Exercise description
Restate all of the following data exactly, keeping any images out of the copy.
START Data shown
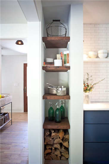 编辑点评:将不影响房屋承重的柱子挖出一道“缝”,加上一些隔板,也就有了收纳摆件的空间。
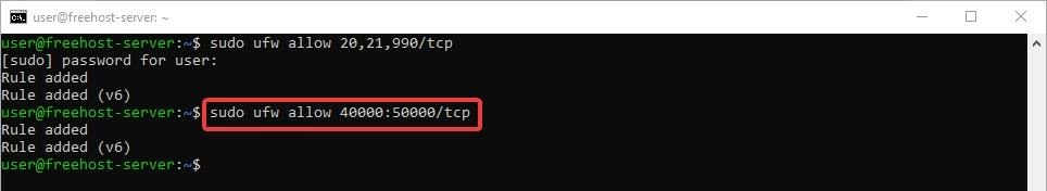Затем откроем порты 40000-50000 это диапазон пассивных портов для FTP, которые мы потом укажем в конфигурационном файле vsftpd:
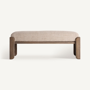 Pie de cama Liermo de estilo contemporáneo, fabricado en yute en color blanco roto, combinado con madera de mango en color marrón.
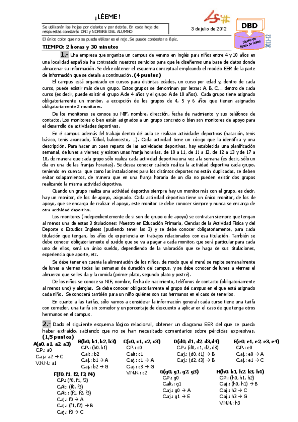 He publicado nuevos examenes de 2º DISEÑO DE BASES DE DATOS MULTIMEDIA: Julio-2012.pdf
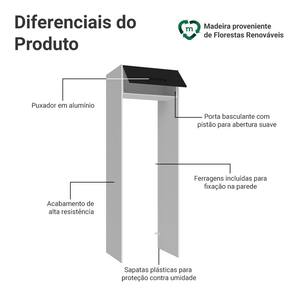 A porta basculante conta com sistema de pistão a gás, que a mantém suspensa quando aberta, garantindo mais praticidade e segurança no uso diário.
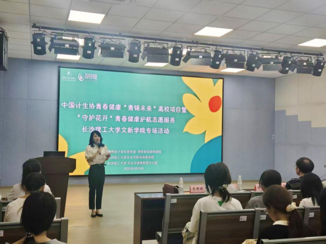 9月16日下午,中国计生协青春健康“青铸未来”高校项目暨“守护花开”青春健康护航志愿服务开云kaiyun体育专场活动在金盆岭校区文新学院九教113演播厅举行。湖南省计生协综合处副处长曾望振、四级主任科员胡争妍,文新学院党委副书记刘莎、校后勤中心党委副书记陈林峰出席,文新学院160余名学生代表参加。
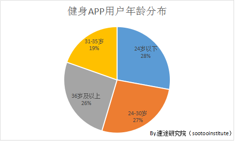 在健身APP用户年龄的分布上,24岁以下的用户年龄段占比最多,达到了28%;24岁至30岁的用户占比27%,略少于24岁以下年龄段,健身APP的用户已经呈现年轻化趋势。在性别方面,男性用户略多于女性用户,女性用户主要集中在减肥类APP和健身计划类APP,男性用户则主要集中在运动记录类APP。
END Data shown
Task solution
 编辑点评:将不影响房屋承重的柱子挖出一道“缝”,加上一些隔板,也就有了收纳摆件的空间。
Затем откроем порты 40000-50000 это диапазон пассивных портов для FTP, которые мы потом укажем в конфигурационном файле vsftpd:
 Pie de cama Liermo de estilo contemporáneo, fabricado en yute en color blanco roto, combinado con madera de mango en color marrón.
 He publicado nuevos examenes de 2º DISEÑO DE BASES DE DATOS MULTIMEDIA: Julio-2012.pdf
 A porta basculante conta com sistema de pistão a gás, que a mantém suspensa quando aberta, garantindo mais praticidade e segurança no uso diário.
 9月16日下午,中国计生协青春健康“青铸未来”高校项目暨“守护花开”青春健康护航志愿服务开云kaiyun体育专场活动在金盆岭校区文新学院九教113演播厅举行。湖南省计生协综合处副处长曾望振、四级主任科员胡争妍,文新学院党委副书记刘莎、校后勤中心党委副书记陈林峰出席,文新学院160余名学生代表参加。
 在健身APP用户年龄的分布上,24岁以下的用户年龄段占比最多,达到了28%;24岁至30岁的用户占比27%,略少于24岁以下年龄段,健身APP的用户已经呈现年轻化趋势。在性别方面,男性用户略多于女性用户,女性用户主要集中在减肥类APP和健身计划类APP,男性用户则主要集中在运动记录类APP。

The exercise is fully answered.